Paths in Publishing is a free mentorship program “to help prepare early career applicants (moving into or out of entry-level jobs) for the work of applying to, interviewing for, and navigating negotiations of new positions in scholarly publishing…Mentors from established scholarly publishing positions…review cover letters and CVs/resumes…; conduct mock interviews; offer guidance on negotiating offers…; and help early-career staff build toward promotions.” Submit requests here.

The Austin Society of Children’s Book Writers and Illustrators Regional Advisor Scholarship. This scholarship is given every year “to a children’s book writer who has the passion and desire to pursue a career in this industry.” The chosen recipient receives a full scholarship to Austin SCBWI’s 2022 conference, a year’s membership to SCBWI, and more. SCBWI members and non-members in Texas who are pre-published and unagented may apply here until March 14.

This Week at Cynsations

More Personally – Cynthia

Pre-order grand prize submission form

Terrific Heartdrum news! The first review is in for The Summer of Bitter and Sweet by Jen Ferguson, cover art by Reyna Hernandez (May, 2022).

★ Kirkus Reviews (starred): “Heart-rending and healing; a winning blend that will leave readers satisfied.”

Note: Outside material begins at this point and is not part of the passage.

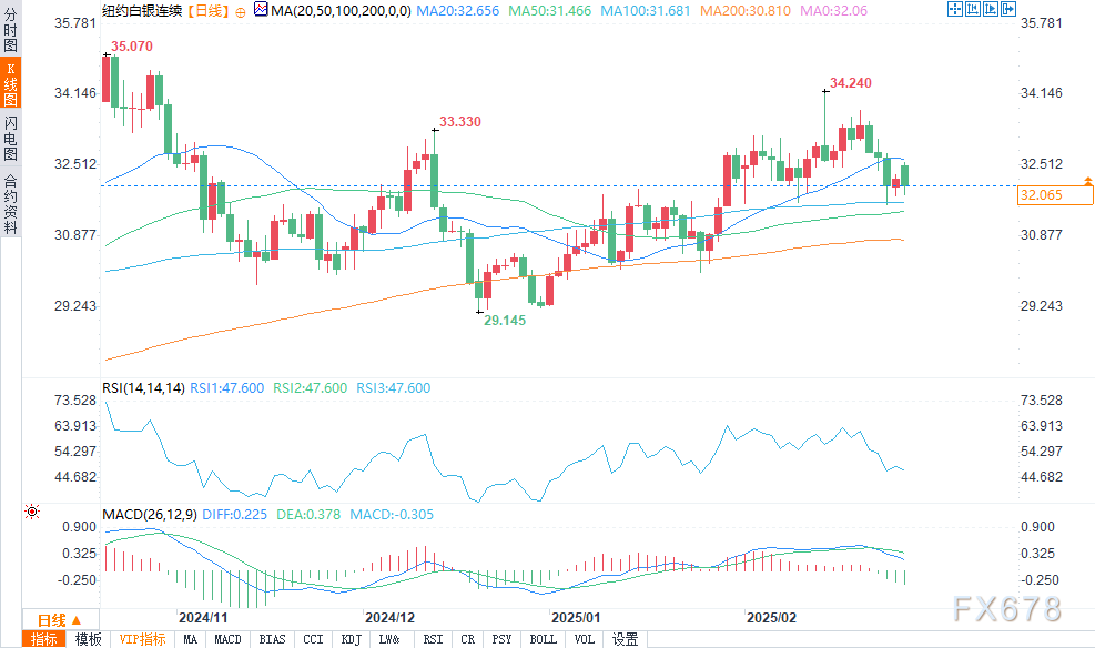 3月白银期货多头在整体短期技术面略有优势,但日线图上的价格上升趋势已被打破。白银多头的下一个上行价格目标是收盘价高于33.60美元这一强劲技术阻力位。空头的下一个下行价格目标是收盘价低于31.00美元这一强劲支撑位。第一阻力位在周三的高点32.61美元,然后是33.00美元。下一个支撑位在隔夜低点32.155美元,然后是本周低点31.895美元。

The novel is available for pre-order, and the author is hosting a pre-order prize program. Jen says:

“One winner will get a grand prize filled with awesome things and everyone who fills out the form with proof of preorder or library purchase request will get a hand-stamped and signed bookplate as well as some other fun, flat swag.

“This is open internationally. It does not matter where you live; if you can get mail, I’ll send you swag.

“The grand prize includes an awesome, custom hand-painted leather and canvas crossbody satchel laptop messenger bag by ThemBonesShop with a super cool velociraptor fossil skeleton; a choice of either dino earrings or a necklace from Scream Pretty in sterling silver or gold (18k gold plated); and some gorgeous flat swag from Okla Chahta artist Bridgette.

“Preorders of any format of The Summer of Bitter and Sweet purchased anywhere count. As does requesting that your local library order any format of The Summer of Bitter and Sweet. You’re welcome to do both, but do not need to.”

More Personally – Suma

Next week, on March 12, I’m honored to moderate a panel on Animal Representation in Children’s Literature for SCBWI Western Washington. The panelists are the wonderful Evan Griffith, Mary Quattlebaum, J Albert Mann, and Victoria Wells Arms. Register early. We hope to see you there!

More Personally – AJ Eversole

I spent this past Saturday at the North Texas Teen Book Festival in Irving. Two years ago, this was the last major event that I attended before everything shut down, so getting to come back made me absolutely giddy.

It was an amazing day packed with great panels. My favorite thing about this festival is that it is focused on the student experience. School buses from all over the DFW area drop students off and they spend the day attending panels with a variety of kidlit authors, then in the afternoon, there is one big author signing session.

Getting to see actual middle grade and high school kids laugh at panels and leave with arms full of books left me feeling excited and eager to get home and work on my own stories.